- Born: 29 September 1959 (age 66) Kogi state
- Citizenship: Nigerian
- Occupation: Lecturer
- Spouse: Tenuche Mohammed

= Marietu Tenuche =

Nigerian academic

Marietu Ohunene Tenuche (born 29 September 1959) is a Nigerian academic, author and a professor of political science. She is the fifth and the first female vice chancellor of Kogi State University, now Prince Abubakar Audu University. Tenuche was appointed by the Governor of Kogi State, Yahaya Bello to take over from Professor Mohammed Sanni Abdulkadir.

== Early life and education ==
Tenuche was born on 29 September 1959. She obtained her West African School Certificate from Government Girls Secondary School Yola in 1976. She obtained a B.Sc political science degree, M.Sc. political science and later a PhD political science degree all from Ahmadu Bello University.

== Academic career ==
Tenuche began her academic career in 1982 as a lecturer at Kwara State Polytechnic, Ilorin, where she was until 1992. She was appointed Lecturer 1 in the Department of Political Science of the University at the inception of the institution in 2000 where she rose through the ranks to become professor of political science in 2011.

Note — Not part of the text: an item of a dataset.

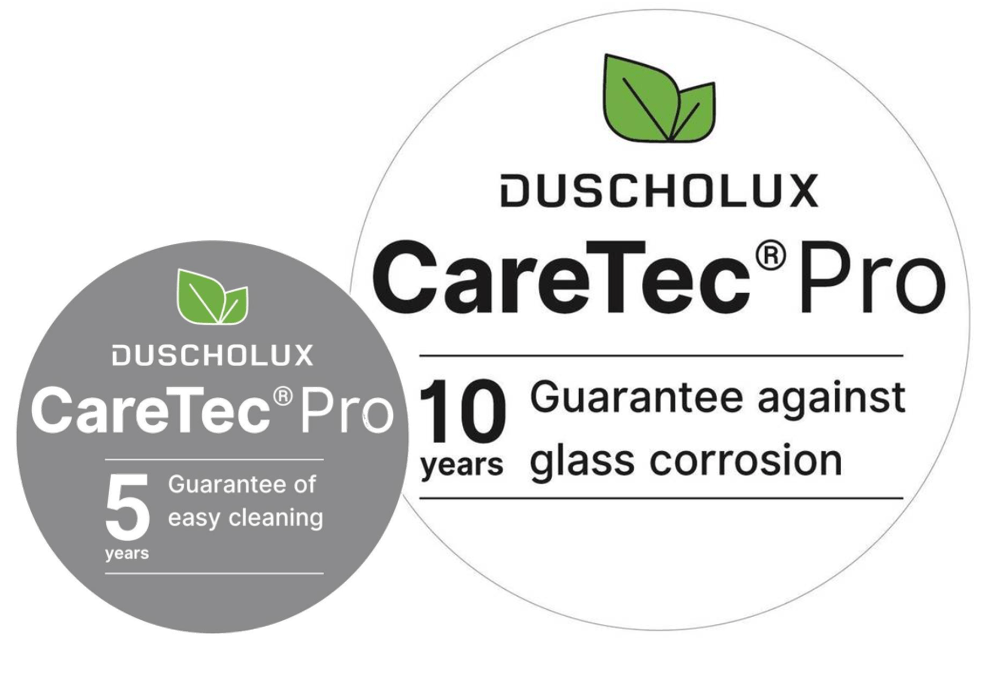 The water-repellent properties of CareTec make cleaning the glass much easier. After removing the water, limescale residues can be removed much more easily.

She had previously served as the dean, Faculty of Social Sciences (2000-2006), deputy vice chancellor, academic (2004-2006, and 2008-2011) and deputy vice chancellor, administration (2011-2013).

She was appointed as the acting vice chancellor of Kogi State University on 7 April 2020 and later confirmed as the vice chancellor. Until her recent appointment as the vice chancellor of Kogi State University now Prince Abubakar Audu University, she was the dean, School of Postgraduate Studies and chair, Committee of Deans and Directors.

== Personal life ==
She is married to pharmacist Professor Muhammed Tenuche, and they have four children.